Example client implementation @ https://github.com/dougbtv/comfyui-vllm-omni/

review tips.

When reviewing, I recommend going by commit, and see the changes broken into:

[docs]
[testing]
[feature]

so you can isolate just the changes / tests / docs during your review.

design thoughts.

The idea here is to build on the async API endpoint work that fake0fan did with using the openai completions endpoint, but, to add a diffusion endpoint.

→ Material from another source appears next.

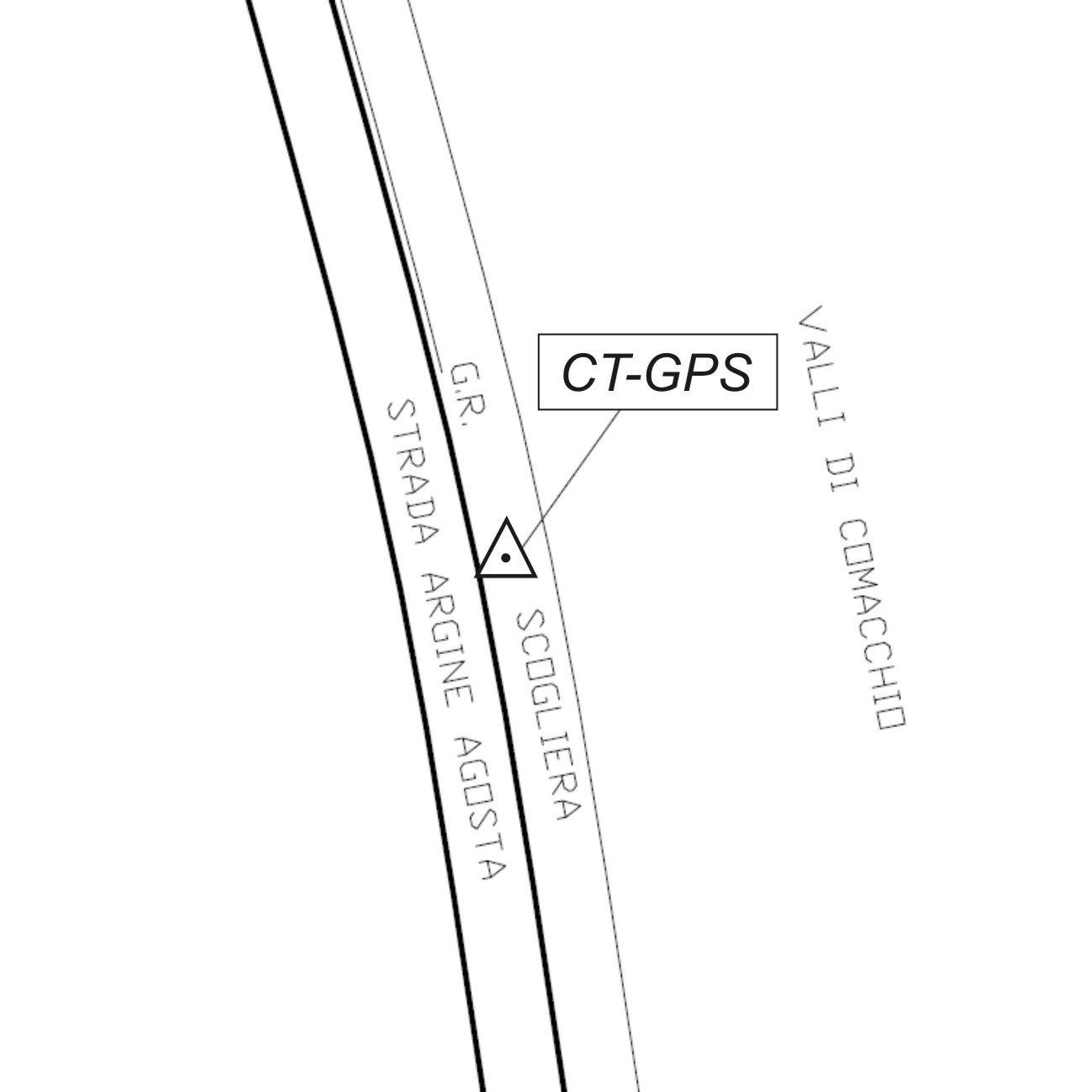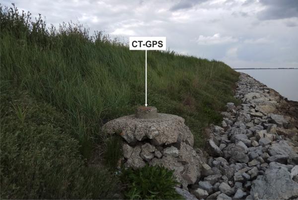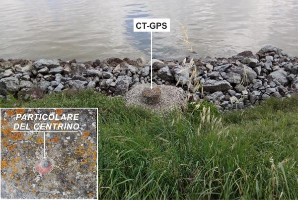 Borchia metallica infissa su basamento in cemento alla base dell'argine, lungo l'Argine Agosta.

The thought is to add the endpoint, but also a mapping for adding new model support for the endpoint, so that it can be tuned.

The API endpoints are more easily validated, using Pydantic, than the inlined parameters in the completions string. While I believe that is a reasonable action to expect image generation from a completions endpoint while serving multi-modal models, I think it would be nice to have an API endpoint where the parameters can be validated.

...and I want to use it!

overview.

[Feature] Add OpenAI DALL-E compatible image generation API

Builds on @fake0fan's diffusion online serving implementation to provide
a production-ready, OpenAI-compatible image generation API. Implements
the DALL-E /v1/images/generations endpoint with full async support and
proper error handling.

This implementation focuses on generation-only (not editing) to keep
the initial PR manageable while maintaining full functionality and
extensibility.

OpenAI DALL-E API Compatibility:

/v1/images/generations - Text-to-image generation
Full compatibility with OpenAI Python SDK
Request/response formats match DALL-E specification

Unified Async Server:

Single vllm serve <model> --omni command for all diffusion models
Async AsyncOmniDiffusion engine with thread-pool execution
Exposes both /v1/images/generations and /v1/chat/completions
Automatic model type detection (diffusion vs chat)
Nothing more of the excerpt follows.